Encontrei minha mãe meditando numa sala que foi transformada em um pequeno templo Budista. O lugar tinha sido pintado de cor laranja e um grande Buda da Compaixão, dourado estava calmamente sentado num altar. Ela levantou-se, assim que percebeu minha presença. Estava com um semblante triste, e segurei forte suas mãos. Ficamos ali, sentados em frente ao Buda e ela me olhava cheia daquela ternura maternal que as mães têm quando querem proteger os filhos de algum mal. E era esse mal que lhe consumia as entranhas deixando um oco em seu interior, era o desgosto, o arrependimento. Ela me olhou com um leve sorriso amordaçado. Estava sombria e quase irreconhecível. Eu pinçava na memória, instantâneos dela, sua risada franca, seu rosto terno de mãe que me punha para dormir, sua preciosa ternura.


Agora naquele rosto existia uma obscuridade pedindo misericórdia. E assim, com gestos acanhados foi abrindo seu coração. Pegou minhas mãos dizendo que precisava me contar um fato importante de seu passado. Seus olhos estavam rasos de água. Apertei suas mãos aflitas para acalmá-la. Uma espessa parede foi sendo derrubada e eu fui entrando naquele nicho que se abria mostrando algo frio e pegajoso. Falou-me entre silabas: Você tem uma irmã! Olhei para ela atônito dizendo: “Que novidade é essa!”.


Foi como se me tirassem o tapete dos pés. Fui sacudido e jogado para trás bruscamente no encosto do sofá. Do rosto dela desciam lágrimas quentes, grossas e opalescentes. Abstratas palavras descreviam um amor de juventude com o filho de um empregado do seu pai. Foi um amor intenso e ela deu a ele o privilégio da primeira vez. Escondeu sua gravidez o mais que pode, até se sentir perdida e contar para sua mãe. Nada mais teve importância depois do nascimento da menina, pois teve que dá-la para ser criada por estranhos. Num terremoto de emoções se casou às pressas com o meu pai e ele nunca soube dessa criança.


Abracei minha mãe que chorava. Acariciei seus cabelos para acalmá-la daquela escuridão em que se encontrava. Na verdade, escuridão para ela, pois para mim que sempre fui muito sozinho acendeu-se uma luz. Perguntava a ela, onde estava essa irmã, quando ouvi passos vindo da sala ao lado.


Levantei-me e comecei a andar em sua direção. Avançava lentamente tentando entender a imagem que se formava em minha retina. Meus braços e pernas se tornaram impessoais à medida que ela se tornava mais nítida.


Um fio de seda desenrolou-se e dando voltas entrelaçou-nos numa urdidura de nó apertado. Naquele instante eu estava pronto para receber a febre que viria e aceitar o destino que brincava comigo. A sala encheu-se de sol e nossa respiração mudou de ritmo, quando nossas mãos se tocaram.

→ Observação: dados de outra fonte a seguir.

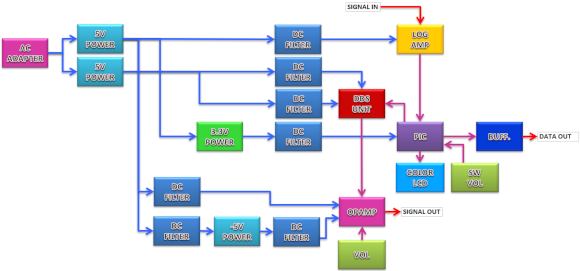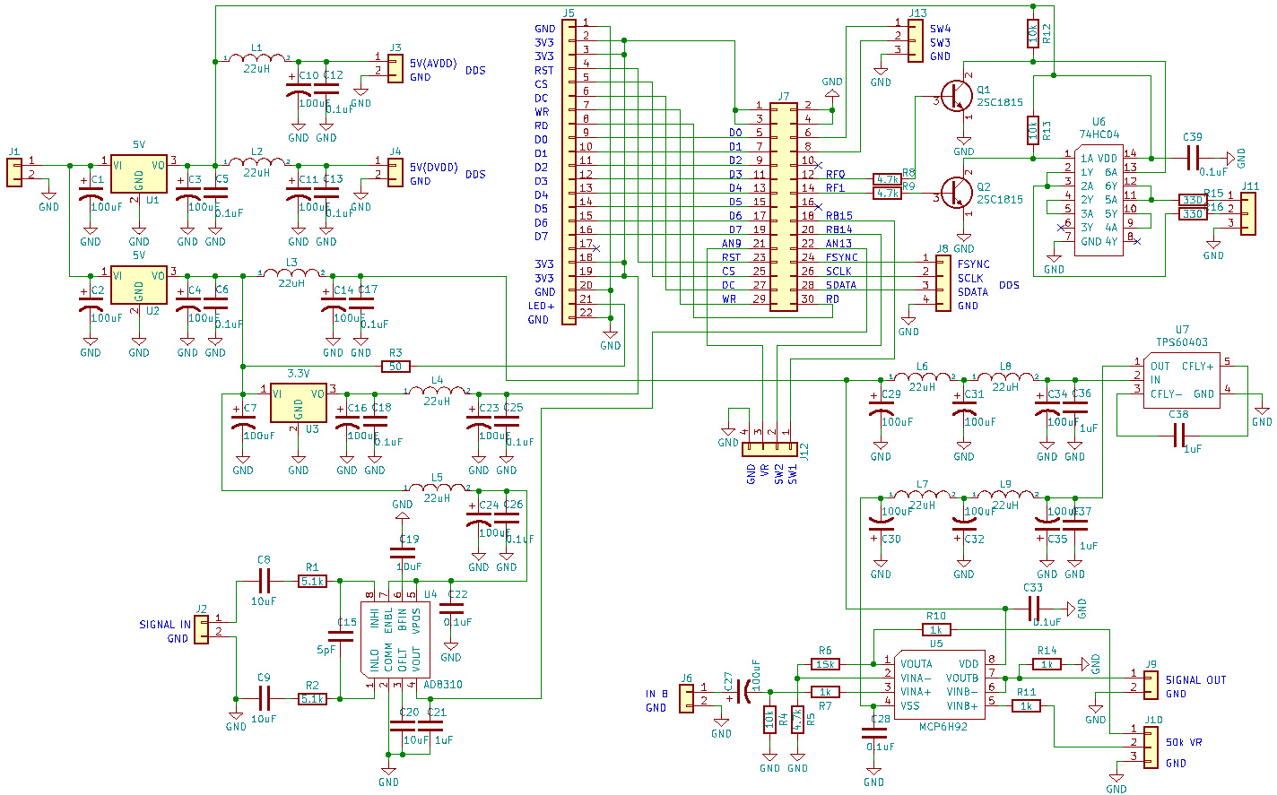 | LOGアンプはAD8310を使用します。出力のOPアンプはMCP6H92を使用します。マイナス5Vの生成にはTPS60403を使用します。どのICも半導体入手困難により過去製作から取り出して使用しています。マイナス5V生成のICは大量のノイズをばらまきますので、LCフィルタを増強しています。これで良いのかどうかはちょっとわかりませんが、一応納得しています。測定データをPCに送り込むためのインターフェイス回路も付けています。PCとアイソレートするために回路を工夫しています。この辺りのPC接続については後日記事で詳しく説明したいと思います。 | |

Ela usava o mesmo vestido que eu havia ajudado a fechar de manhã. Os lábios entreabertos tentavam me dizer algo, mas eu só sentia o seu hálito afoito e urgente. Ela estava tão atônita quanto eu.

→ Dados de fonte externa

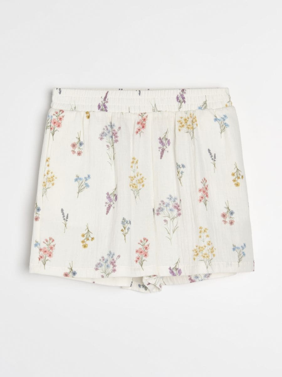Musliinist lühikesed püksid taskutega lillelise mustriga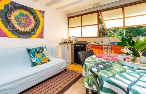 Lost in the heart of nature, this charming bungalow embodies the authenticity of Polynesian life. Set in lush vegetation, this little haven of peace, far from 5-star hotels, is the perfect balance between comfort and traditional rusticity. The songs of tropical birds will wake you in the morning and the gentle murmur of the nearby river will lull you to sleep in the evening.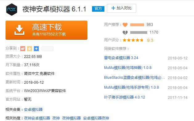 1、在中关村在线下载频道搜索夜神安卓模拟器

Partículas de poeira dançavam sob a luz que entrava pela janela. O ar parou para podermos respirá-lo e acreditar que não era um pesadelo o que estava por vir. Pensei estar perdendo minha substância quando antevi todo aquele mistério se mostrando. Estava sitiado pela luz que vinha dela. A linha que separava a luz da escuridão já não tinha mais importância. Então, com absoluta simplicidade penetrei num plano de existência onde nada mais poderia importar. Puxei-a para junto a mim e nos beijamos.

5 Comentários:

  • A vida é um mistério que descobrimos a cada novo dia. Tenho uma história real incrível, tão parecida...Deus quando nos trouxe ao mundo sem pedir licença, preocupou-se em iluminar nosso caminho, mas quando a luz apagar, pensa na esperança que tudo supera, até escuridão intensa, sem explicação da natureza.

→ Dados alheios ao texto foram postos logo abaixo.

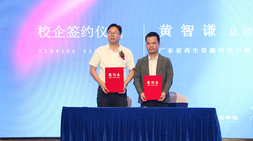 开幕式上,校企合作签约仪式成为全场焦点。广东省再生资源科技有限公司总经理黄智谦与佛山市华材职业技术学校相关负责人正式签约,双方达成深度合作共识,未来将聚焦人才定向培养、实习实践基地共建、产学研项目协同等领域展开全方位合作,打通学生从校园课堂到产业一线的实践通道,助力企业发掘培育一批兼具专业实力与绿色发展理念的优质设计人才,为粤再生平台迭代升级、再生资源产业创意赋能夯实人才根基。
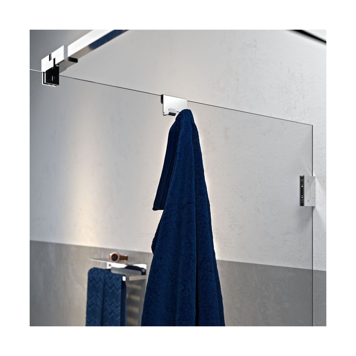- el gancho tiene espacio para una maquinilla de afeitar, una escobilla de goma o toallas

    Por Blogger Unknown, às 21 de maio de 2010 às 07:02  

  • Gostei muito, Rachel.
    Você escreve muito bem.
    Naava

    Por Blogger Rachel Domingues, às 22 de maio de 2010 às 14:56  

  • Obrigada pela homenagem, minha doce amiga!!
    O conto, é bárbaro, diferente, foge das linhas tradicionais rebuscadas e nos deixa a pensar nas surpresas da vida...
    bjs. di vó, amore!!

    Por Blogger mary, às 6 de junho de 2010 às 20:52  

  • Amiga, como sempre colocando os leitores na armadilha dos sonhos da vida real. Eu pessoalmente, fico presa ao entrar na leitura e livre no ponto final.
    Valeu, amiga...
    Beijos

    Por Blogger Ana Maria, às 21 de junho de 2010 às 15:54  

  • Ola,
    Que leitura agradavel!
    Voce tem um modo de escrever tao delicioso de ler!
    As palavras se encaixam ao vento!

    Adorei, e bem no meio da estoria eu ja havia adivinhado sobre o segredo, mas adorei o final que mostrou que o amor era tao forte que nada faria com que ele a abandonasse!

    Obrigada por acompanhar meu blog, minhas escritas.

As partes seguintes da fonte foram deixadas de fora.